Resto convinta che questo modo di lavorare porti risultati e sia giusto seguirlo.
Però mi sono accorta che per me non va proprio bene: mi sembra di fare i compiti a casa.
Perdonatemi, vi sembrerò presuntuosa! In fondo lo sono, spesso mi definisco una snob senza qualità.
Ma non sono più capace di seguire le tracce che preparo. Appena le metto sulla carta, perdono tutta la loro dinamicità, diventando inutili.
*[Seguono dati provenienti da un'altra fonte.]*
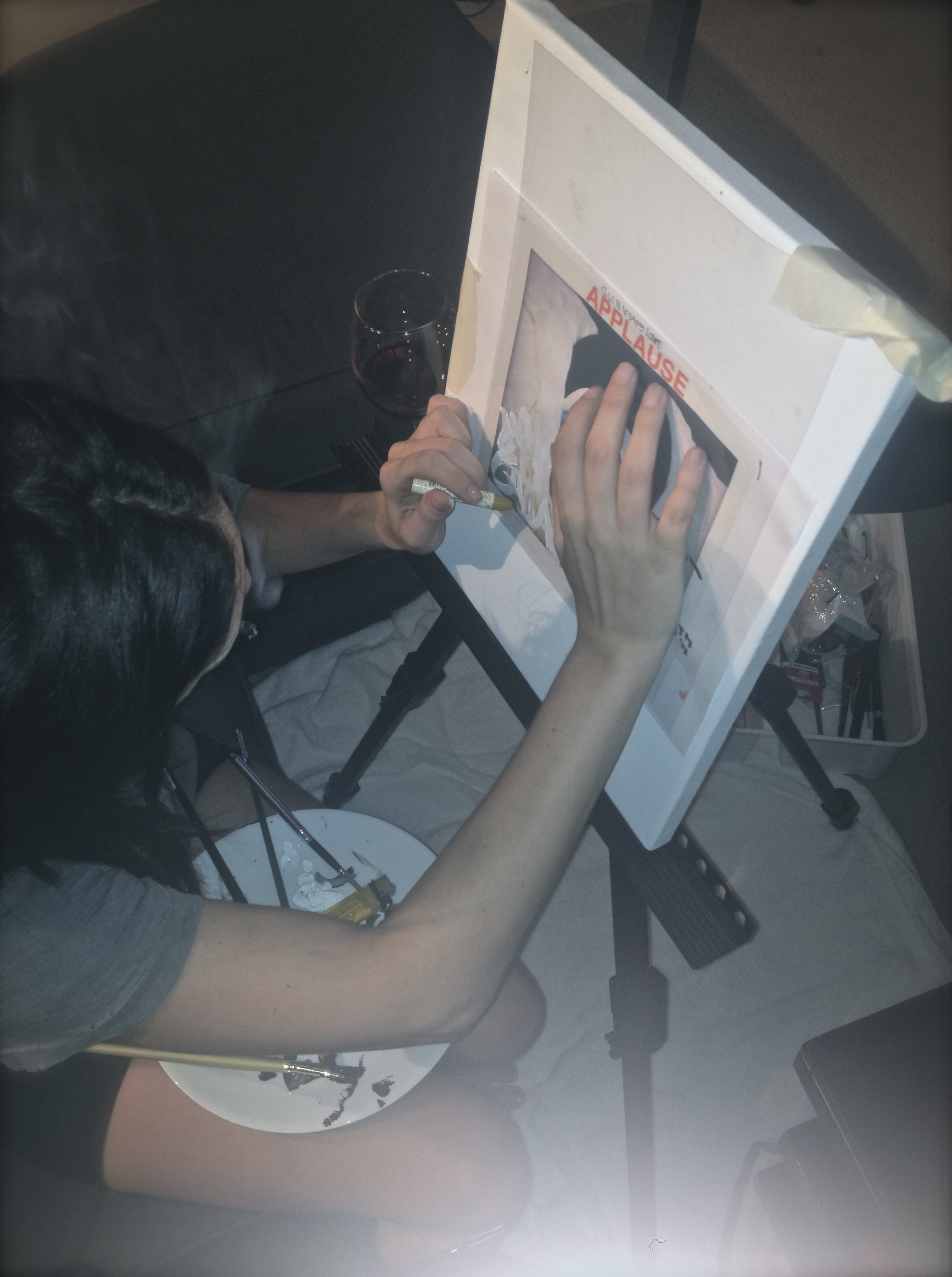 - On July 24, 2013, Tara Savelo posted via Little Monsters, a photograph of Gaga stenciling on what looks to be a photograph of the single cover. Above the photo reveals the word “APPLAUSE” and in much smaller writing, a signature by Gaga along with the date of the single release — August 19th, 2013.
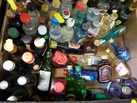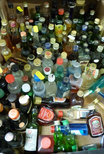 Approximately 100 alcohol miniatures including approximately 15 whisky, 45 brandy or brandy based, 18 vodkas and gins and 15 port and Irish coffee
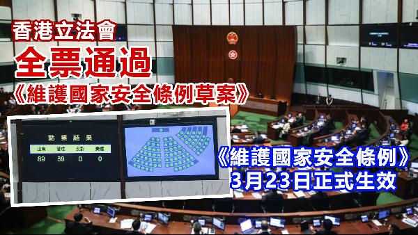 有89人出席,有89位贊成,全票通過。我宣布,議案獲得通過。 【字幕】3月19日,《維護國家安全條例草案》在立法會經過近10個小時的審議,依程序經全體89名議員表決通過。 【字幕】香港特區行政長官李家超在三讀通過後現身立法會大會,宣布《維護國家安全條例》3月23日正式刊憲並生效。 【同期】香港特區行政長官 李家超 今日是香港的歷史時刻,是香港等待了26年8個月19日的歷史時刻,是特區第六屆政府及第七屆立法會終於共同完成光榮使命的歷史時刻,是香港特區共同譜寫光榮歷史的驕傲時刻。我們履行了《基本法》第23條本地立法的憲制責任,完成歷史使命,不負中央所托、不負國家信任,我將簽署《維護國家安全條例》法案,我將條例在23日刊憲並公布實施。 【字幕】會後李家超表示,基本法第二十三條立法之後,“一國兩制”帶給香港的好處會更加明顯。 【同期】香港特區行政長官 李家超 現在《維護國家安全條例》,香港國安法以及香港其他涉及國家安全的法律,渾然一體,融合互補,確保“一國兩制”中一國的國家安全得到有效保障,“一國”是根,根得到的安全保障更牢固,“兩制”的枝葉就更茂盛,香港更繁榮穩定。“一國兩制”的“兩制”,讓香港可以自由開放發展,同時又獲得國家全力支持和保護。香港維持原有生活方式不變,維持資本主義制度,馬照跑舞照跳,資金自由進出,是單獨關稅區,原有自身法律制度不變,香港可自由開放發展。“一國兩制”下的香港,從制度上所得到的已經是無與倫比。 【字幕】梁君彥感謝過往參與的所有官員、立法會秘書長和副秘書長帶領團隊的支援,令立法得以順利在短時間內完成。 【同期】香港立法會主席 梁君彥 在過去兩星期,議員與政府官員合力審議法案,法案委員會更開了馬拉鬆式會議,議員提問過千條問題,審慎、嚴謹和全面地研究每項條文,議員履職盡責,全力以赴,問得“貼地”,官員也準備充足,答得“到位”,消除了不少疑慮,亦反駁了不少謬誤,整個審議公開透明,公眾可以看得到、監察得到,相信大家都認同這個過程是高質、高效和認真,亦顯示了行政立法機關的良性互動,審議質素達至新高度、新標準,為日後的法案審議工作起了良好的示範作用。 【字幕】不少議員表示,在《維護國家安全條例》通過後,香港可以把更多的精力放在提振經濟改善民生上。 【同期】全國人大常委會委員 香港立法會議員 李慧瓊 我們現在完成23條立法,就好像丁薛祥副總理跟我們說一樣,我們可以輕裝上陣,集中精力發展經濟,改善民生。我相信我們全體立法會議員,會像維護國家安全一樣,以同樣的拼勁,去為香港拼經濟謀發展。 【同期】全國政協委員 香港立法會議員 何君堯 1997年7月1日到現在已經有二十六七年的時間,(維護國家安全條例)終於在憲制責任方面完成了。從今天開始,所有的東西更加清晰。大家也知道了,在法律上哪些紅線不能够逾越。 記者 孫晉欣 香港報道 相關新聞 |
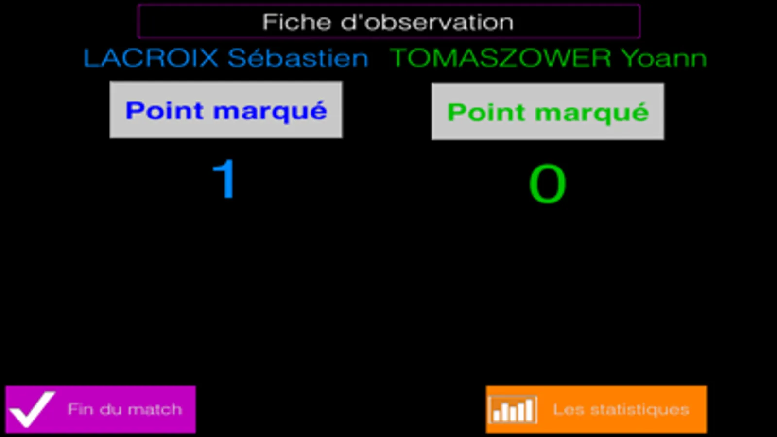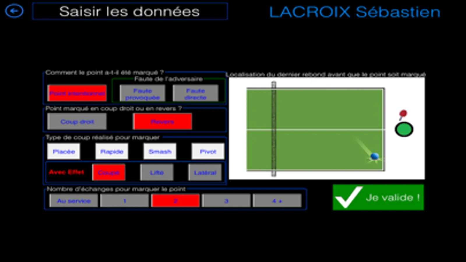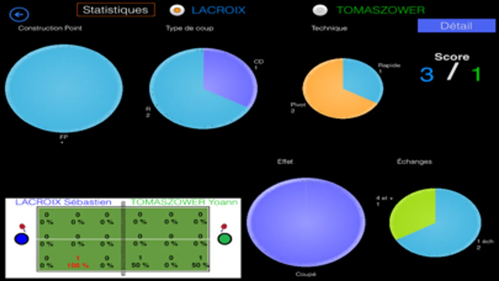 Cette application dédiée à l'enseignement de l'EPS permet d'analyser pendant, ou à l'issue d'un match de tennis de table, le profil de jeu de chacun des joueurs (types de coups utilisés, effets, zone de jeu sur la table, nombre d'échanges…)
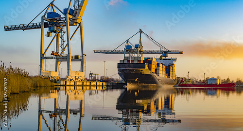 © Mike Mareen, Fototapeta premium merchant ship in the sea port
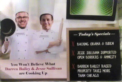 We’ve begun to wallpaper our newsroom with the mailers we get for Illinois Governor and the Miller-Davis race.
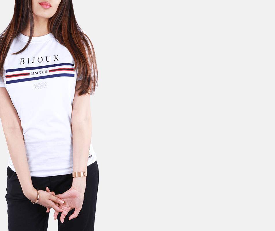 A bold and trendy piece for a contemporary look. This designer influenced white tee with a multi stripe print across the chest is a wardrobe essential for summer. Grab this tee to …
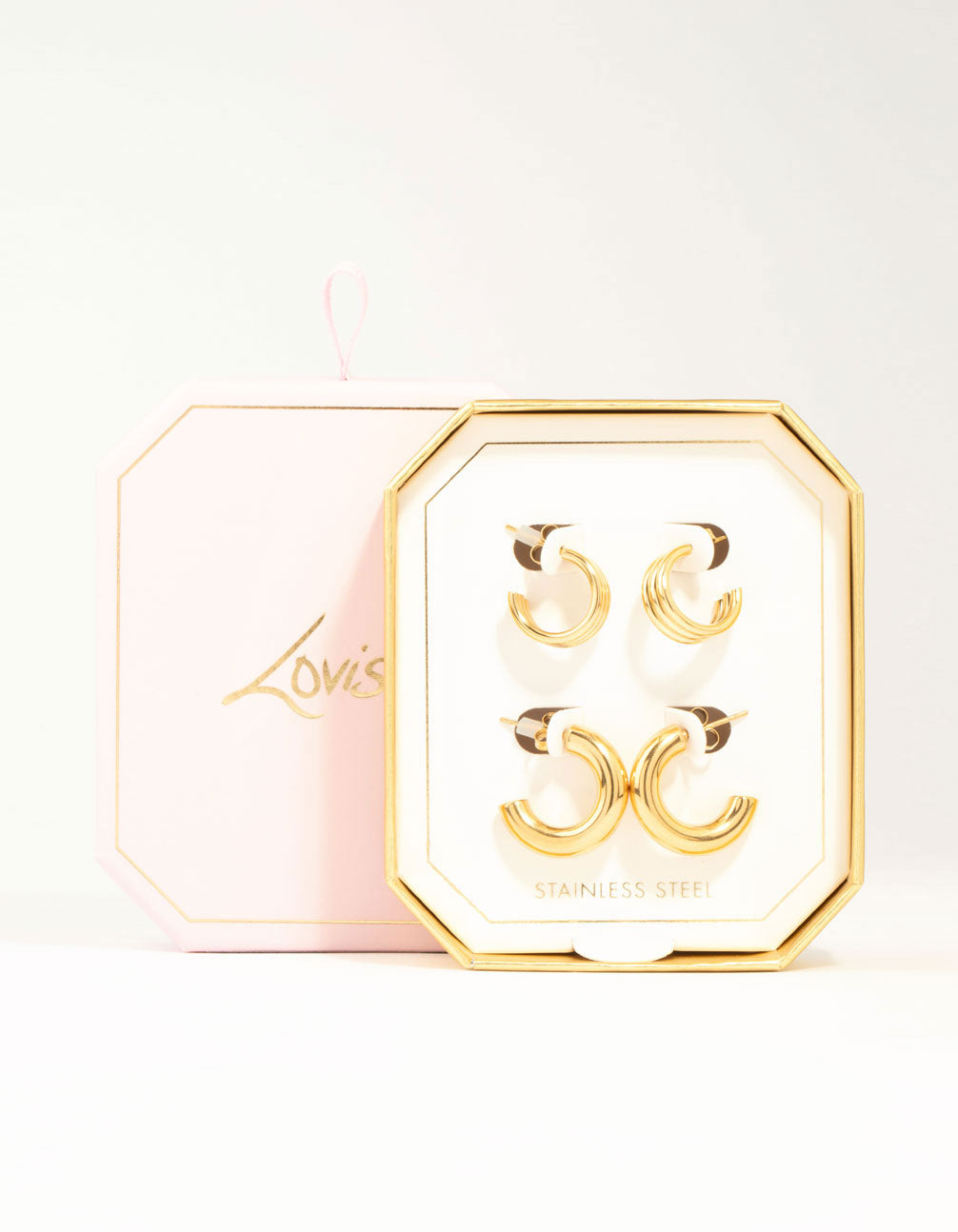 Waterproof Gold Plated Stainless Steel C Shaped Hoop Earrings 2-Pack
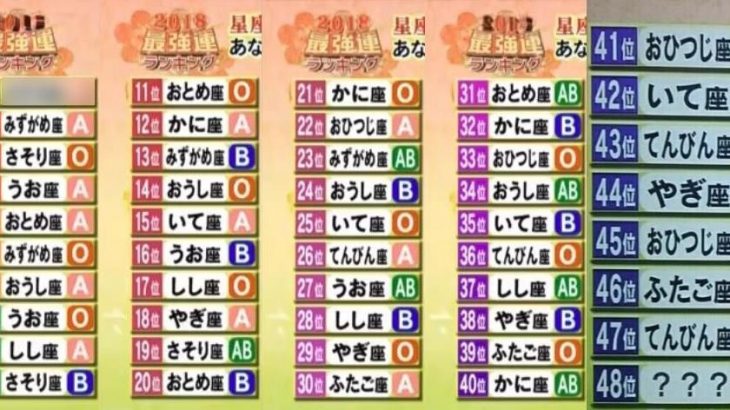 日本テレビ系「ダウンタウンDXDX」(1月11日放送)で、「2018最強運ランキング」が発表。1位は […]
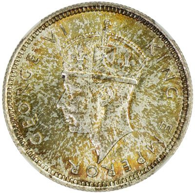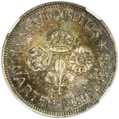 MAURITIUS: George VI, 1937-1952, AR ¼ rupee, 1938, KM-18, golden iridescent toning, finest known (population 1), NGC graded MS66.

E così, ostinandomi a continuare a scrivere, ho deciso di essere una Penelope tenace che scrive e distrugge. C'è una frase che ho letto nel sottotitolo del blog Anima di carta di Maria Teresa Steri, una scrittrice che vi consiglio di seguire, perché da lei s'impara molto.
"Scrivete il libro che vorreste leggere" (Chuck Palahniuk).
Ecco io leggo ciò che scrivo e, se mi annoio, cancello; se ho creato un personaggio insulso o un passaggio assurdo, cancello.
Leggo e mi critico.
In questo modo diventa più difficile portare avanti un testo, riprenderlo sempre dall'inizio, conservare la sua trama in mente, abbandonando di fatto la traccia. E' più complicato, perché vesto più ruoli e quello del critico prevale sempre.
La regola aurea è : meglio la pagina bianca di una pagina inutile.
Posso dire, però, che il percorso diventa più soddisfacente: quelle pagine che sopravvivono alle mie sforbiciate sono una lettura gradevole, almeno per me.